1. Translation: Move triangle EFD (the second triangle) so that point E coincides with point A in triangle ABC (the first triangle).
Explanation: We can slide triangle EFD horizontally or vertically without changing its shape in order to align point E with point A. This move ensures that the corresponding vertices E and A of both triangles will overlap perfectly.

2. Rotation: Rotate triangle EFD around point E until side EF aligns with side AB.
Explanation: By rotating triangle EFD around point E, we can bring side EF into the same position as side AB. This rotation ensures that the corresponding sides EF and AB of both triangles will overlap perfectly.

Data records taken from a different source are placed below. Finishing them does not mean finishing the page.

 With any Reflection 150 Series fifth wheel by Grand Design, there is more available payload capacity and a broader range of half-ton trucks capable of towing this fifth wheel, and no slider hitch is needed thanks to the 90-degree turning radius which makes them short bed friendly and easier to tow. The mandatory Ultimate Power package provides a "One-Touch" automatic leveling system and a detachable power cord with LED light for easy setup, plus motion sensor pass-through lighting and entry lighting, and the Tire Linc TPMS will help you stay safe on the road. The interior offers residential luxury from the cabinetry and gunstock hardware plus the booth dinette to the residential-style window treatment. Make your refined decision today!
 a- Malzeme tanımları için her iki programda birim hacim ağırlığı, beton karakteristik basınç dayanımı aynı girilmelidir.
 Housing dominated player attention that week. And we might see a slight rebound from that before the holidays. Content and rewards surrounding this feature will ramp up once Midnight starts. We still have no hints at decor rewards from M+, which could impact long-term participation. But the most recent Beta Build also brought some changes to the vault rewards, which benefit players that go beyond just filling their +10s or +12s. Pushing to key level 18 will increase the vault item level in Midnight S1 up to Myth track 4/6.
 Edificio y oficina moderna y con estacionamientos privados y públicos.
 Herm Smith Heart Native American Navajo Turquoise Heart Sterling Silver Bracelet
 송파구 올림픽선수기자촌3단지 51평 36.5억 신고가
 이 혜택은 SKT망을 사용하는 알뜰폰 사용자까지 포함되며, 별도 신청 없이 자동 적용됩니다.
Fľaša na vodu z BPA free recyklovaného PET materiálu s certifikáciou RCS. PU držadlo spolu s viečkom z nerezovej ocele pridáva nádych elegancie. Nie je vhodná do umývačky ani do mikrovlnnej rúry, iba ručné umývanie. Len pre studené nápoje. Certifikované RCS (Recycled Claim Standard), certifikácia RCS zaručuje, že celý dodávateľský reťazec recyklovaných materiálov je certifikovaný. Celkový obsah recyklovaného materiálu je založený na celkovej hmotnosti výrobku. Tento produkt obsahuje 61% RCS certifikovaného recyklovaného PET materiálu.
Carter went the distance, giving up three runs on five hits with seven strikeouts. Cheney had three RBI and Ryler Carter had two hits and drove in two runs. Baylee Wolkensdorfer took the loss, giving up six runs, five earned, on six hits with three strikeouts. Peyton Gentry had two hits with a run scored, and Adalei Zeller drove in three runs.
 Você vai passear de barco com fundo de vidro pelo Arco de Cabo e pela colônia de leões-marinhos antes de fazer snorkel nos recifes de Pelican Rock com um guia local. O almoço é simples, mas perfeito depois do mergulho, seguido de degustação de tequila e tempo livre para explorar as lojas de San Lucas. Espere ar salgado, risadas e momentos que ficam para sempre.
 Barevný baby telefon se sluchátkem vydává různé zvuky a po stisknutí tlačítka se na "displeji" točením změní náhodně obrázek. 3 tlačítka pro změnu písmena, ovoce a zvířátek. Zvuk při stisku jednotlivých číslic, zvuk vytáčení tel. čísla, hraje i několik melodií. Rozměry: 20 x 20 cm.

3. Translation: Move triangle EFD (the rotated triangle) so that point D coincides with point C in triangle ABC (the first triangle).
Explanation: We can slide triangle EFD horizontally or vertically without changing its shape in order to align point D with point C. This move ensures that the corresponding vertices D and C of both triangles will overlap perfectly.

This sequence of rigid transformations illustrates the SAS Congruence Theorem. According to this theorem, if two triangles have two pairs of corresponding sides that are congruent and the angles between these sides are also congruent, then the triangles are congruent.

In our case, we have shown that side AB is congruent to side EF, side BC is congruent to side FD, and angle BAC is congruent to angle EFD. These are the pairs of corresponding sides and angles that satisfy the SAS Congruence Theorem. Therefore, by performing these rigid transformations, we have proven that triangle ABC is congruent to triangle EFD.